だから、100年分の修行を圧縮できたんだな。
「で、エクストラスキルにも取得難易度ってものがあるの」
「取得難易度?」
「ただ漫然と100年分修行するのと、目標意識をもってする修行とじゃ、習得できるスキルに違いが出るのよ」
「完全解体は、難易度どれくらいなんですか?」
「特級よ。つまり、一番上の難易度」
エクストラスキルの取得難易度には、三級→二級→一級→特級という順番で、取得が難しくなるらしい。

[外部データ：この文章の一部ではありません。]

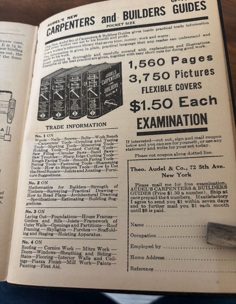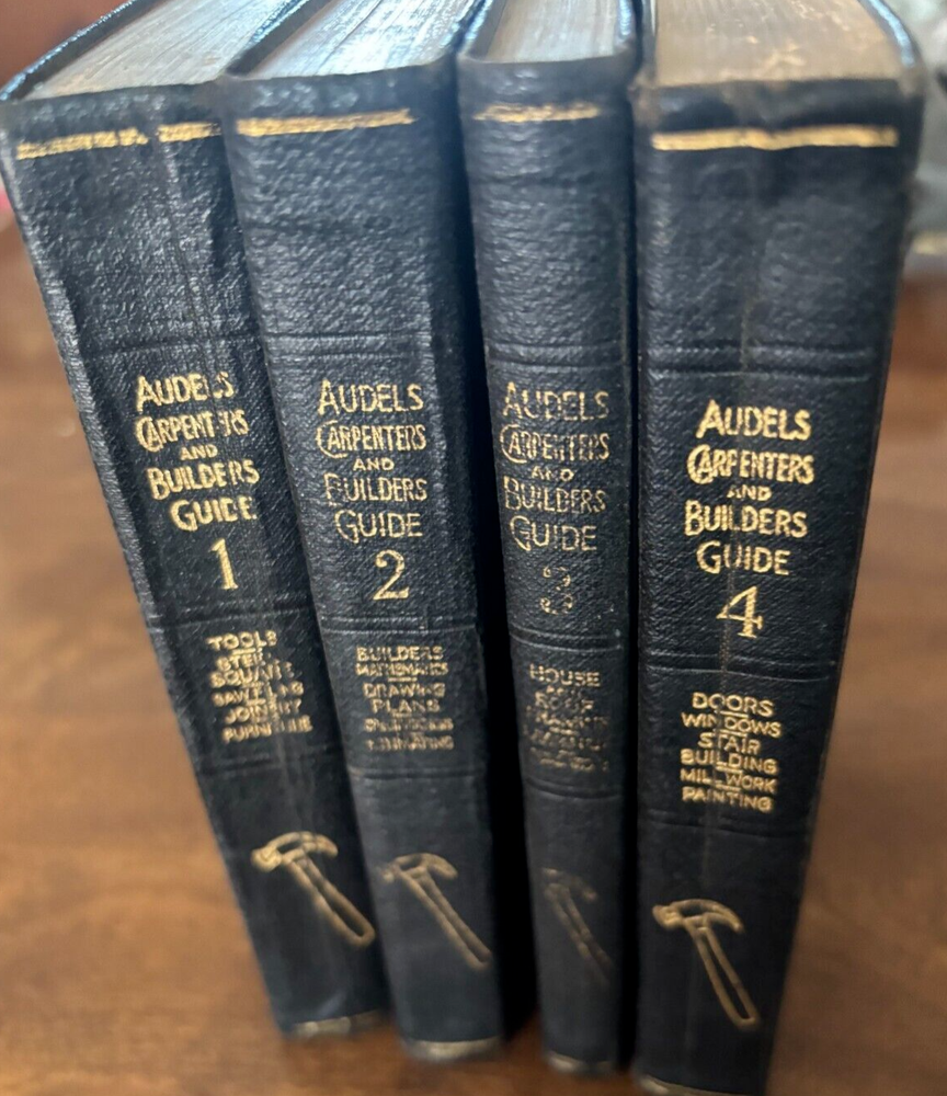 This is a complete Original set of Audels Carpenters and Builders Guide Volumes 1-4, published in 1923 by Theo Audels & Co. The books are in their original form and are illustrated with special attributes. The binding is made of leather and the language is English. The books are not personalized and have not been signed by the author, Frank D. Graham. The subject of the books is a reference guide for builders and carpenters. The region covered is North America and the year printed is 1923. This set of books is a great addition to any antique or collectible collection. Pre-power tool era. A must for any restoration project. My grandfather gained knowledge from these books which made him a lead carpenter on the Polo Grounds. Many reprints exist, but this is an original *IMPORTANT GENERAL INFORMATION* ITEM CONDITION: All our items are vintage (20-year minimum age) and pre-owned. Minor flaws are to be expected, due to the item's age and prior use. We make every effort to identify any imperfections we find upon inspection and include that information in our description. However, we are only human, so please carefully examine all photographs of the product, as they are part of the description. Message us with any questions or if you would like additional photos. Your satisfaction is our priority! ITEM CLEANING: Some vintage and antique items require the services of a professional cleaner in order to maintain the item's historic or vintage properties. Other times, even what would be considered a "gentle cleaning" may result in a lost patina or missing original gold trim. Those results can never be undone. Therefore, we only do light dusting or hand-washing or dirt removal where absolutely necessary and leave the choices of cleaning methods or restoration to the buyer. SHIPPING: All our offerings are carefully packed so that they leave our inventory ready to be safely delivered to you. Should any items be damaged in transit, please keep all packing materials and boxes, plus photos of the damaged packaging and contents. Message us through Ebay, and we will get back to you quickly. PACKAGING: We use recycled shipping boxes whenever we can. We value reducing waste and minimizing environmental impact. Thank you for shopping with us!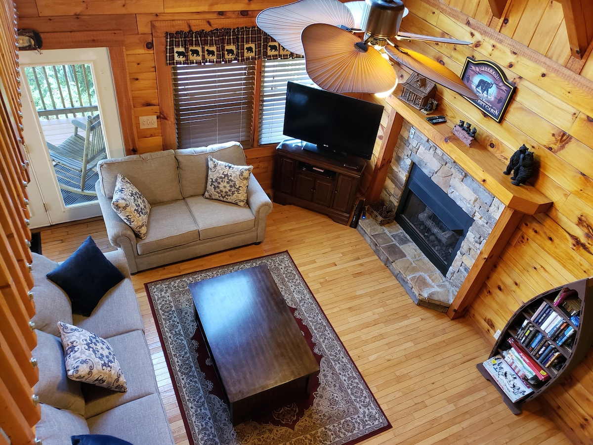 La cabaña Bear Mountain Overlook está encaramada sobre una increíble vista de más de 180 grados de varios picos hermosos y valles distantes. Una experiencia de montaña privada con camas, utensilios de cocina y electrodomésticos nuevos, muebles Amish y decoración de Smoky Mountain. Disfruta de nuestra mesa de billar, jacuzzi nuevo al aire libre, juegos y chimenea interior (de temporada). Disfruta de nuestra cocina completa con todos los utensilios, artículos de cocina y para servir que necesitarás para tu familia. Dos baños completos, lavadora/secadora y mucho aparcamiento conveniente. ¡Hermosas vistas!

「三級のエクストラスキル習得には100年分の修行がいる。特級は、その4倍、つまり、400年分の修行が必要となるわけよ」
「す、す、すごい! シーフ兄さん! そんなにすごいスキルを身に着けてたのっ?」
マイが俺に尊敬のまなざしを向けてくれる!
うぉお! 兄ちゃんうれしいぞ!
「これでわかった、シーフ君? 君が手にした特級エクストラスキル完全解体のすごさが」
「ああ、まあぶっちゃけどうでもいいんけどわかったよ」
「このくそがky……こほん。とにかく、魔物からスキルを奪うのって、ものすごく難しいことなのよ。でね、それ以上に難しいことを、してる人がここにはいるの!」
「え!? 兄さんもっとすごいことしてるんですか!? す、すご……」
マーキュリーさんがブチ切れる音がする。
「マイちゃんだよぉお!」
「え? え? わ、私? 何かやっちゃいました……?」
「あ、ご、ごめんね。泣かないで。怒ってないから。それと兄はいちいちナイフ抜くんじゃねえ!」
勘のいい女だ。
「あのね、この中で断トツでやばいの、マイちゃんなのよ」
「え? どういうことです?」
「マイちゃん。君、お兄さんみたいに修行したことある?」
「い、いいえ……一度も」
「やっぱりね……」
マーキュリーさんが、マイの手を取る。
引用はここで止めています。